Spain: Montes de León & Sierra de la Cabrera

Route: Ponferrada – Truchas – Puabla de Sanabria – Rio de Onor
Route Montes Leon
Route over the Montes de León & Sierra de la Cabrera.

From El Rasadero, the last village before Ponferrade, and a bit higher up, you have a good view point to the city. I’ve been here a couple of times before, it is a nice town.  The world championship cycling was held here in 2014 and as everybody remembers, Michal Kwiatkowski became champion here.

In Spain nowadays, all churches are closed. And if they are not, you have to pay an entrance fee. That’s a big difference with the Bhuddist temples in Southeast Asia which I can always visit.

Ponferrada Basilca is the first church since I entered Spain, about a thousand kilometer ago that’s open and free to enter. I wonder the reason for closing the churches.

Stealing ?

Vandalism ?

Something else ?

Basílica Nuestra Señora de la Encina
Inside the basilica.
Castillo de los Templarios (Castle of the Templars)

The Decathlon in Ponferrada is the worst stocked Decathlon shop I’ve ever seen. They had almost nothing. Also not a new solar panel (I’ve lost mine outside La Pola).

Ponferrada is also on the major camino de Santiago route (the Camino Frances) but this time, I only saw two ‘pilgrims’ hiking into town. What difference to other years. 2020 is probably the best year to do your Santiago trip if you ever wished to do it.

Well, I’m not heading west to Santiago de Compostella. I’m going south, up and over the Montes de Leon. Since many years I had seen this one road going through the mountains and always wanted to take it once.

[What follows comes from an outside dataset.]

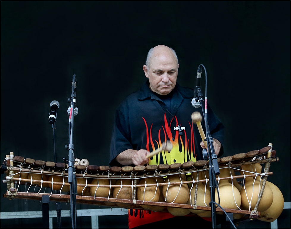 Kieu-Hanh, I love this image! Your subject is well positioned in the frame...and is framed by the two microphones and the instrument. He is intent in what he's doing and I particularly like how your shutter speed was slow enough to give motion blur to the "drum" sticks. I know monitors differ, and on mine there is only slight differentiation between the black background and the black of the musician's T-shirt, giving the impression of a floating head. That last comment aside, it is nicely done. |

But mon dieu, what a steep climb it is.

From Villar de los Barrios, the road goes almost continuously steep up between 10 and 13% until you are well beyond San Cristobal de Valdueza, one of the most perfect villages I have ever seen. All buildings are in a perfect state.

Ermito del Santo Cristo at the entrance of Villar de los Barrios, the headquarters of the brotherhood of the Vera Cruz, one of the oldest in Spain, constituted before 1522. This building was rebuilt in 1627.
Excellent camping spot on my (steeeeep) way out of Ponferrada.
Views from my campsite back to Ponferrada and towards the mountains i’m coming from..
Nice sunset.

Up, up, up it goes. Less steep towards the first pass, Alto del Morredero (1.750 m).

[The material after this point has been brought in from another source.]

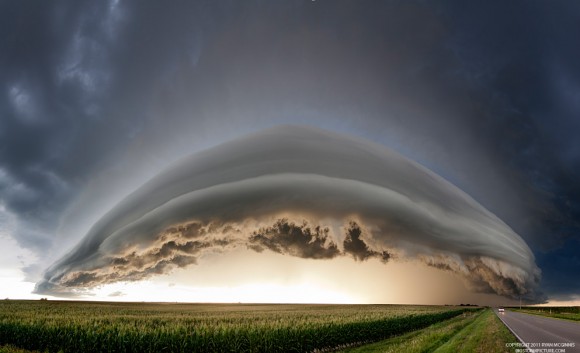 مظهر مذهل لا يصدق لسحابة القوس ظهرت في نبراسكا و هي عاصفة تتكون من مزيج مدهش من هيكل عاصفة كبيرة وإضاءة مثالية مع شمس وراء العاصفة .
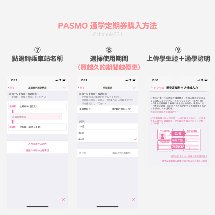 下載APP後依照以下流程申請定期券,大約一天之內會完成審核,使用Apple Pay付款完後就可以使用囉!本次購買6個月的費用共31870日幣(不同距離可能有所差異),一般到學校單趟來回440日幣,大約一個月出門12次就可以回本!而且綁在手機裡就不怕卡片弄丟了~

A bit further, I pass Alto de los Portillinas (officially 1.905 m, but I had a bit less on the gps). From here you ride a while along the ridge on an almost flat road towards a final push at 1.955 meter, an unnamed highest point on the climb. This climb surely belongs in the row of Mont Ventoux or Tourmalet, that’s how long and hard it is.









At the top of the Montes de Leon, looking towards the next range I have to tackle, the Sierra de la Cabrera.

The downhill is less steep, around 8%

Just before the village of Truchas, I find a nice spot between the trees and next to the Eria River to pitch the tent. I could take the main road from here via Castrocontrigo and drive around the Sierra de la Cabrera but my map shows one small road over this range that reaches a high point at the Alto del Penon (1.840 m asl). Seems much more exciting than that main road.

Old church with old lady.


Well, exciting it was. And hard ! I really suffered. Then I made a mistake to ride too long and couldn’t find a real good camping spot anymore before Puebla de Sanabria. I was hoping to find something on the off-road stretch between El Puente de Sanabria and Puebla de Sanabria, but nothing there.

Climbing up the Sierra de la Cabrera.
Some parts suffered from a fire.
On the downhill from the Sierra de la Cabrera.
Rio Tera before Puebla de Sanabria.

Puebla de Sanabria….here my route crosses with my route of 2017, when I rode from the south towards Santiago the Compostella. It is a very touristic village.

Puebla de Sanabria








House of the Abbot.
Lots of work, watering the plants every day 🙂

If you thought that after the Montes the Leon and after the Sierra de la Cabrera, all was clear to reach the Portugese border, you’re wrong. The Sierra de la Culebra still awaits me. Luckily, it’s just rolling hills, compared to the ranges I have behind me. Apparently it’s the best place in Europe to see wolves in the wild. I didn’t see any….

I crossed the border to Portugal in the small village of Rio de Onor.